Credit-default swaps “reflect worse fundamentals, the much lower number of financing channels open to Russia and marginally the possibility of sanctions that affect foreign holdings of Russian bonds,” Paul McNamara, a money manager at GAM UK Ltd. in London, who helps oversee $6.3 billion of sovereign debt, said by e-mail.
The Finance Ministry’s press service didn’t immediately respond to an e-mailed comment request today.

‘Value Trade’

The price of oil, which together with natural gas accounts for about half of Russia’s government revenue, dropped 38 percent this year to a low of $68 a barrel amid the highest U.S. output in more than three decades.
Even after spending about $80 billion to manage the ruble’s retreat this year, Russia has more than $400 billion in international reserves, according to central bank data.

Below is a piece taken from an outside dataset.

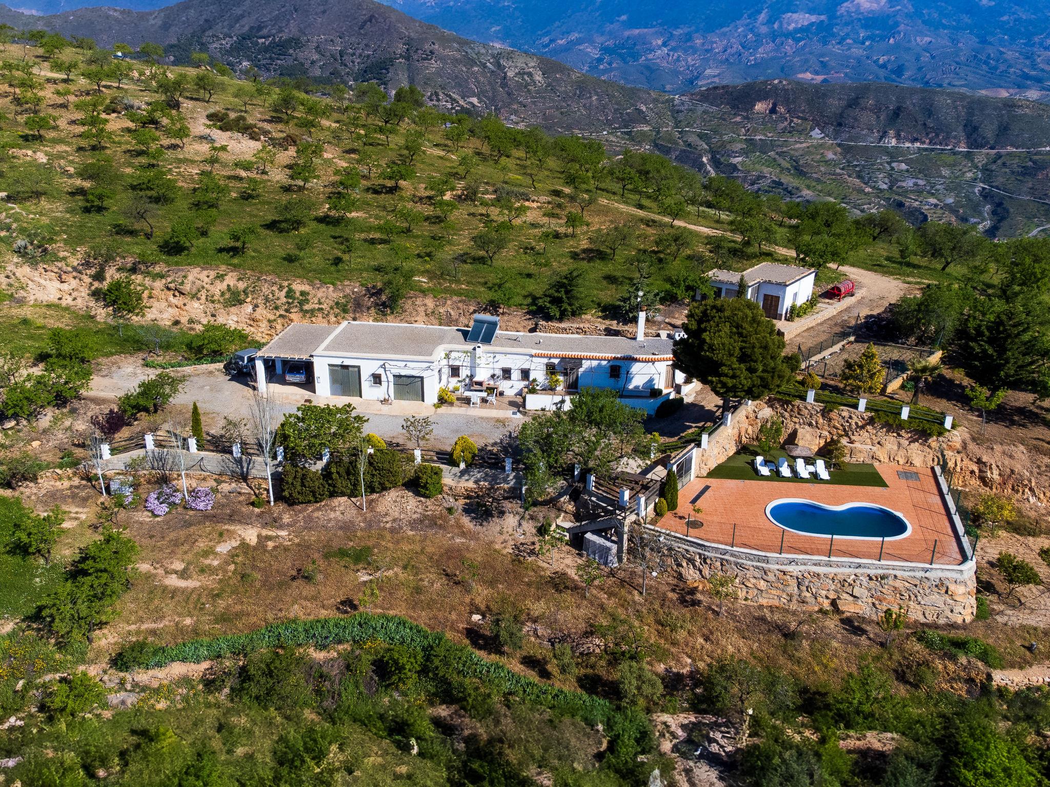Single-family house "Paraje Starlight Murtas - Alpujarra". In a secluded position, 30 km from the sea. Private: swimming pool (8 x 4 m, depth 200 cm, seasonal availability: 07.Jun. - 27.Sep.). Outdoor shower, terrace, barbecue. Stepped path (4 steps) to the house. Roofed, parking (for 2 cars) at the house. Bus stop "Murtas" 800 m. Golf course (9 hole) 80 km. Hiking paths: La Solana.

While a weaker ruble has hurt consumer spending, it benefits the budget by boosting export revenue in local-currency terms, helping to offset the slump in crude.
Russia’s total sovereign debt is equal to 9.2 percent of gross domestic product, the second-lowest among 50 countries tracked by Bloomberg. Brazil, with the same credit score as Russia from Standard & Poor’s and whose CDS trade at 166 basis points, owes the equivalent of about 72 percent of GDP.
The country has “low debt levels, huge reserves and a flexible exchange rate, which insulates public finances from changes in global oil prices,” Jan Dehn, the London-based head of research at Ashmore Group Plc, which manages about $70 billion in emerging-market assets, said by e-mail. Russian assets are a “very good value trade,” he said.

Bailout ‘Burden’

The cost of Russian credit-default swaps has more than doubled this year as S&P cut the sovereign to the lowest investment grade in April. Unrated Iraq’s swaps are at 335 basis points, while junk-level Lebanon’s at 365 basis point and El Salvador at 415, according to CMA data.
“Investors see the main risks for Russia as having to conduct a large bailout of the economy at the same time as a recession and drop in living standards,” Dmitri Petrov, an analyst at Nomura Holdings Inc. in London, said by e-mail. “These factors clearly increase their burden on the sovereign with time, which means these risks will get gradually magnified, pushing the CDS even higher.”